# Thinking of going Dairy-Free...



## purrtykitty (Mar 10, 2010)

As I've posted in the title, I'm thinking about going dairy-free (or mostly anyway) for health reasons.  I've noticed after I have something with dairy in it, I get really phlegm-y, sound like I have a smoker's cough, and in general just feel really sluggish.

Anyone else dairy-free?  Any thoughts on doing this?  Tips, etc...?  I'm not super worried about making sure I get enough calcium, as I like soy milk, and I don't seem to have any problems when I eat Greek yogurt.


----------



## January (Mar 11, 2010)

I'm dairy-free. 
	

	
	
		
		

		
			





 It started at a young age with hating milk and cheese, and just kind of branched out from there. But I've been like that all my life... so I can't really give any tips. I've turned out fine - and I don't pay that close of attention to making sure I get my calcium (I should, but I don't, just being honest). I eat healthy for the most part, so I must be getting it from other foods.
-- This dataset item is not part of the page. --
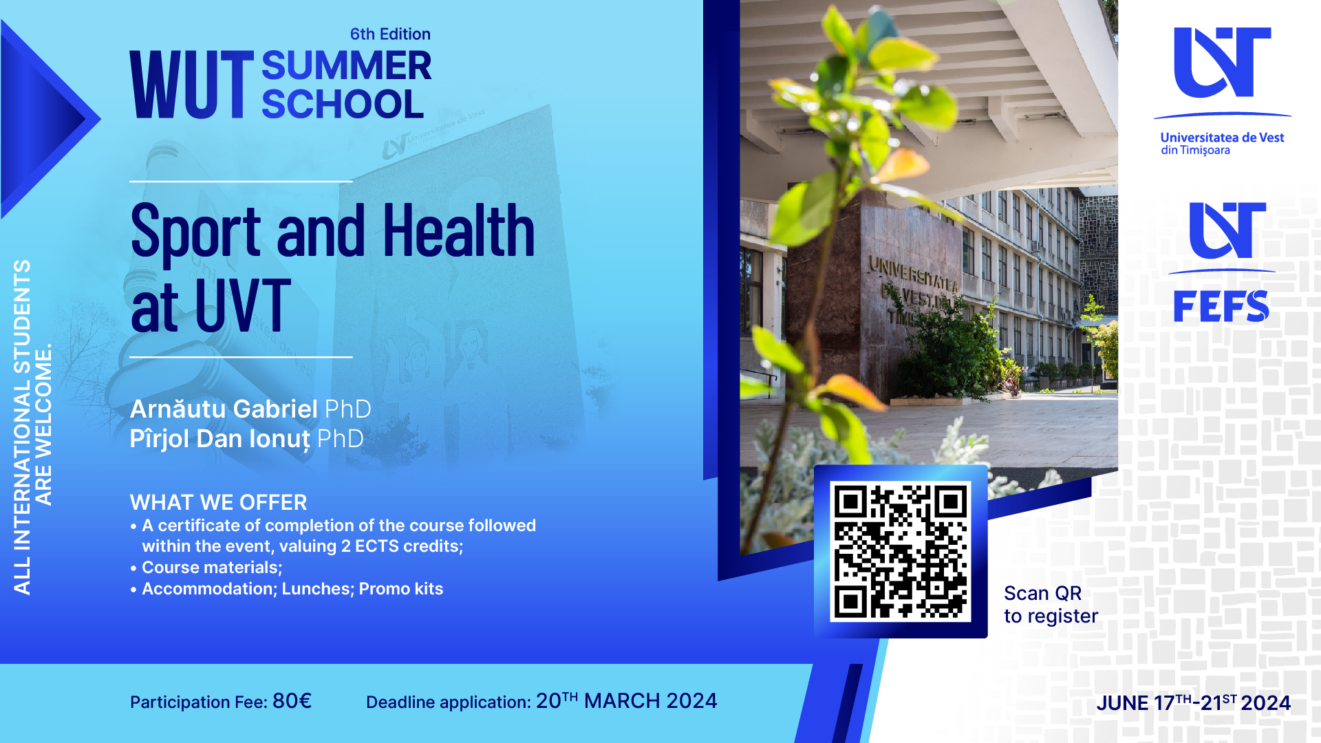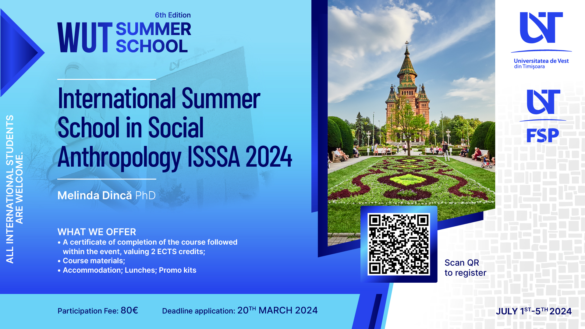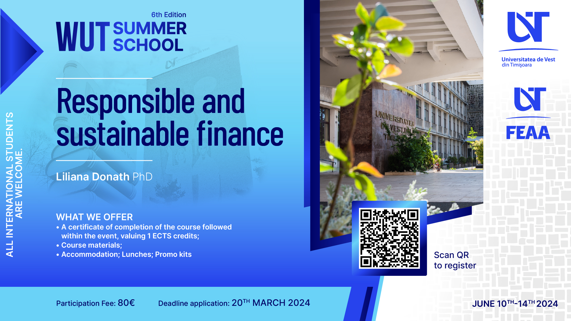 We kindly ask you to disseminate this information among those students who might be interested in joining the 6th edition of the West University of Timișoara Summer School.

This is some good information:
MilkSucks.com: Got Osteoporosis?

Good luck!


----------



## Honey&LemonGirl (Mar 11, 2010)

I started cutting dairy from my intake about a month ago, also for health reasons (a moderate intolerance for lactose). I noticed I would get horrible stomach aches and bloating after eating pizza or anything with a lot of cheese, milk, or cream in it, so I tried abstaining from dairy for two weeks and noticed a BIG difference. Yogurt (especially nonfat, it seems) doesn't seem to bother my stomach _as much_, but milk/cream and cheese definitely do. And for my midday latte, I get it with soymilk. 
	

	
	
		
		

		
		
	


	




 The transition to dairy-free has been surprisingly easy for me, and I'm someone who's pretty in love with dairy products.

When I'm _really_ craving some cheese or a cold glass of milk with my cookie, I take a Lactaid (OTC) pill beforehand.


----------



## Corvs Queen (Mar 11, 2010)

I am dairy free. I have switched to rice milk for my breakfast. It's okay. The vanilla is better than the plain. I decided to go dairy  free because of the health affects of Casein, which accounts for more than 80% of proteins found in cows milk. Also, cows milk causes mucus buildup in the human body. In my honest opinion dairy is toxic. Especially cheese. As for calcium, plenty of veggies contain high amounts of calcium. Such as.....cabbage, spinach, broccoli, carrots, cauliflower, eggplant, kale, parsley, peas, pumpkin, turnip, dandelion and asparagus. Hope that helps a bit.


----------



## January (Mar 11, 2010)

Also, I wanted to add - I love Almond Milk, especially the vanilla one. I know you said you like Soy Milk, but give Almond Milk  a try too - it's really creamy and good


----------



## purrtykitty (Mar 11, 2010)

Glad to know I'm not the only one who has problems!  I'll definitely try Almond Milk, too.

I think, for me, dairy is going to be a once-in-awhile treat.  I may also investigate modifying desserts so that they're dairy free.


----------



## MzzRach (Mar 11, 2010)

I've been dairy-free since the middle of January - it actually has not been as hard as I thought it would be.  Good thing I like Soy milk!

One of the biggest benefits I have noticed so far is in my skin.  Much fewer breakouts, even around my time of the month.

I've found this site to be a great resource: Go Dairy Free | Your Information Resource for Dairy Free Living

Let us know how it goes for you.


----------



## laguayaca (Apr 10, 2010)

I really like this thread Ive recently gone dairy free. I have not had drinking milk in about a year but have had organic ice cream every now and then and I love cheese but for 2 weeks now Ive let go of my love affair with cheese and ice cream. its not been hard at all I cant drink almond milk I use it for baking mainly I cant say I enjoy drinking any milk substitute. I dont get sick from milk but I just know its toxic and fattening. 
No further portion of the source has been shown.